The above shows that the indexes contained 10M rows and 160M of dead
space each. That means you weren't vacuuming nearly enough.

> explain analyse select count(*) from job_log;
>                                                           QUERY PLAN
> ---------------------------------------------------------------------------------------------------------------------------------
> Aggregate  (cost=1382171.88..1382171.88 rows=1 width=0) (actual 
> time=207011.882..207011.883 rows=1 loops=1)

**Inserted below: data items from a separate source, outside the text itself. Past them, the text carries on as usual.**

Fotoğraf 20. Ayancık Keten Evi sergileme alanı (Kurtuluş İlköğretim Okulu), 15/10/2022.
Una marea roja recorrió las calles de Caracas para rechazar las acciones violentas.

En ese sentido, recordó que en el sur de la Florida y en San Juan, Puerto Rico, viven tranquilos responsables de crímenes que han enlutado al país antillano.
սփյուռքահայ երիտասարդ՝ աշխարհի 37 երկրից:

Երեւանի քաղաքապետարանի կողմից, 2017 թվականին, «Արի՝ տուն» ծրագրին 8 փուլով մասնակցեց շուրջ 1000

>   ->  Seq Scan on job_log  (cost=0.00..1381257.90 rows=365590 width=0) 
> (actual time=199879.510..206708.523 rows=365590 loops=1)
> Total runtime: 207014.363 ms
> (3 rows)
> ----------psql session finish----------
> 
> Then I tried another vacuum and decided to be very patient
> 
> ----------psql session start----------
> vacuum verbose analyze job_log;
> INFO:  vacuuming "job_log"
> INFO:  index "job_log_id_pkey" now contains 10496152 row versions in 59665 
> pages
> DETAIL:  0 index row versions were removed.

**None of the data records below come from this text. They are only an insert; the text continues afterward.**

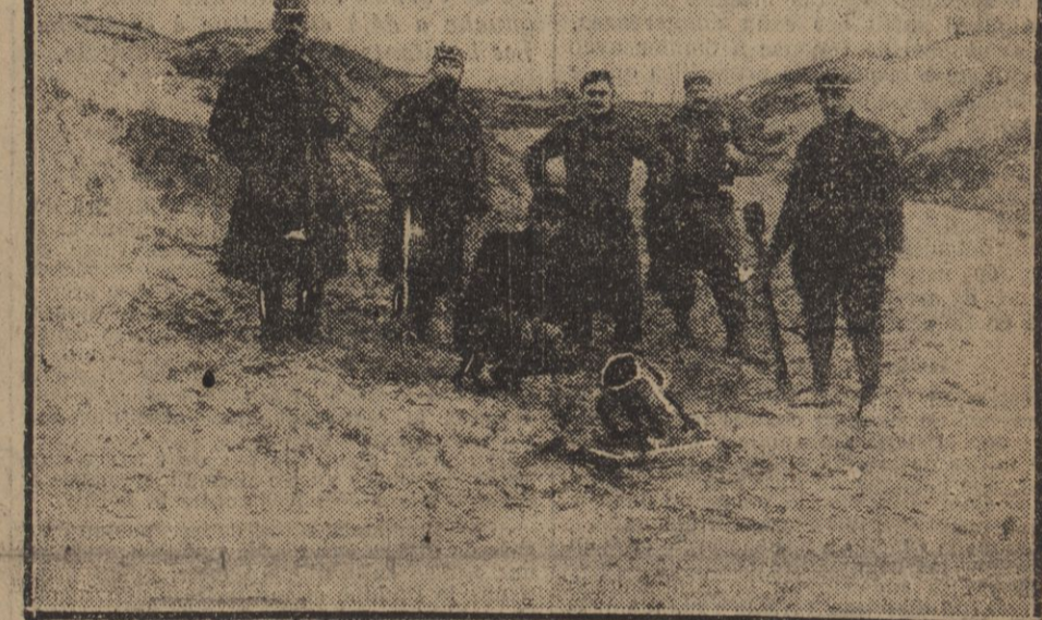
On va tirer le crapouillaud
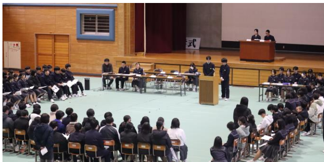
<生徒総会の話し合いの様子>

生徒総会では、新役員は堂々と自分たちの活動計画を説明しました。新たなアイデアが示されたり、学級からの質問や意見に対してその意図を問い返したり、出された意見を取り入れようとしたりするなど、対話によって話し合われる場面もいくつかありました。今後も活発な生徒会活動が展開されることを期待します。
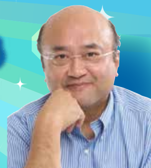
山形大学大学院 有機材料システム研究科 城戸 淳二 教授

> 28520 index pages have been deleted, 20000 are currently reusable.
> CPU 1.39s/3.39u sec elapsed 24.19 sec.
> INFO:  index "idx_job_log_filter" now contains 365590 row versions in 15396 
> pages
> DETAIL:  0 index row versions were removed.

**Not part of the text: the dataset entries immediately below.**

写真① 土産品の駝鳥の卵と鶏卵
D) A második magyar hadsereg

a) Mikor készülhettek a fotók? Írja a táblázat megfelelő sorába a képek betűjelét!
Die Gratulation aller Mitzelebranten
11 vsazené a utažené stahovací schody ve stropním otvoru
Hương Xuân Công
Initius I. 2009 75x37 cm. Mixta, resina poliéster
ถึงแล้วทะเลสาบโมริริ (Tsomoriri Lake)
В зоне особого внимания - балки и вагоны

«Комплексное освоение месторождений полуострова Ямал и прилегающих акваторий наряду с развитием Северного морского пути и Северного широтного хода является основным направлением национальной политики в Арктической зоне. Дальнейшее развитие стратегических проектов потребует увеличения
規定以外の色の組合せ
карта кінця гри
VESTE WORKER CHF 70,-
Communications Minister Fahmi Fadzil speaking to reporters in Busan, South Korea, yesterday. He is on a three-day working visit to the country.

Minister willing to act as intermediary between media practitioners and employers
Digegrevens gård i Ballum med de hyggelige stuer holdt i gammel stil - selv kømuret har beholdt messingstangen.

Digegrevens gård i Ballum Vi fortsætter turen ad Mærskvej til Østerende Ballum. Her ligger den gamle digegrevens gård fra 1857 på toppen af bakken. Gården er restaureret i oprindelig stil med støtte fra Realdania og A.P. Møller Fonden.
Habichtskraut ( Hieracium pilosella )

> 0 index pages have been deleted, 0 are currently reusable.
> CPU 0.59s/0.20u sec elapsed 10.28 sec.
> INFO:  "job_log": removed 2795915 row versions in 368091 pages
> DETAIL:  CPU 33.30s/30.11u sec elapsed 2736.54 sec.
> INFO:  index "job_log_id_pkey" now contains 7700230 row versions in 59665 
> pages
> DETAIL:  2795922 index row versions were removed.
> 37786 index pages have been deleted, 20000 are currently reusable.
> CPU 2.76s/6.45u sec elapsed 152.14 sec.
> INFO:  index "idx_job_log_filter" now contains 365590 row versions in 15396 
> pages
> DETAIL:  0 index row versions were removed.
> 0 index pages have been deleted, 0 are currently reusable.
> CPU 0.52s/0.20u sec elapsed 7.75 sec.
> INFO:  "job_log": removed 2795922 row versions in 220706 pages
> DETAIL:  CPU 19.81s/17.92u sec elapsed 1615.95 sec.
> INFO:  index "job_log_id_pkey" now contains 4904317 row versions in 59665 
> pages
> DETAIL:  2795913 index row versions were removed.
> 45807 index pages have been deleted, 20000 are currently reusable.
> CPU 2.22s/5.30u sec elapsed 129.02 sec.
> INFO:  index "idx_job_log_filter" now contains 365590 row versions in 15396 
> pages
> DETAIL:  0 index row versions were removed.
> 0 index pages have been deleted, 0 are currently reusable.
> CPU 0.50s/0.22u sec elapsed 7.61 sec.
> INFO:  "job_log": removed 2795913 row versions in 188139 pages
> DETAIL:  CPU 17.03s/15.37u sec elapsed 1369.45 sec.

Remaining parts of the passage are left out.